# Configuring Software RAID-1 (Mirroring)



## nabioullinr (Jun 4, 2010)

I am currently setting up a server which will have software RAID-1 (mirroring) over a 250GB SATA and ATAPI HDD. Problem is, I cannot find any suitable documentation on how to configure RAID during the installation process.

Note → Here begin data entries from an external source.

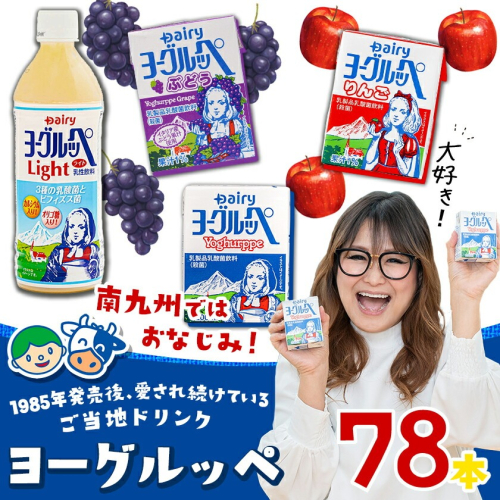 さらに、南九州で愛され続けているご当地ドリンク「ヨーグルッペ」の、定番、りんご味、ぶどう味の3種類をお届け!
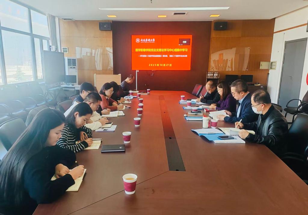 10月27日,医学影像学院党总支举行理论学习中心组(扩大)集中学习研讨。学院党总支书记罗莹主持学习,学院领导班子成员、各部门负责人、党支部书记、全体教师党员参加学习。
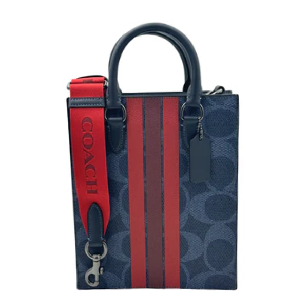 Sporty meets sophisticated in the Dylan Tote Bag In Signature Canvas With Varsity Stripe. With its compact design, premium materials, and bold navy tones, this tote brings effortless style and everyday functionality together in one striking accessory.

Any suggestions? Thanks in advance.


----------



## jb_fvwm2 (Jun 5, 2010)

Google something like,
...
gm0 OR gmirror0 freebsd fdisk newfs 
...
Though more ways than gm0 exist to setup raid.
(Search the forums for "mirrored" ?)

/edit/
that search "mirrored" turns up THREE pages of results, 1/3 of
which appear to be worthwile reading for whatever you plan to
setup, (appearing to include details (per titles) to a 
worthwhile conclusion).  
/end edit/


----------



## phoenix (Jun 5, 2010)

Searching the forums brings up several links to this page.    Most of them posted by me.


----------



## ccaptainhastings3 (Jun 5, 2010)

I find this way works well I have used it quite a few times and it can be done during the install which is handy

http://onlamp.com/pub/a/bsd/2005/11/10/FreeBSD_Basics.html


----------



## User23 (Jun 8, 2010)

easiest way:

http://www.freebsd.org/doc/en_US.ISO8859-1/books/handbook/geom-mirror.html

dont know why people posting 3-5 year old howtos?!


----------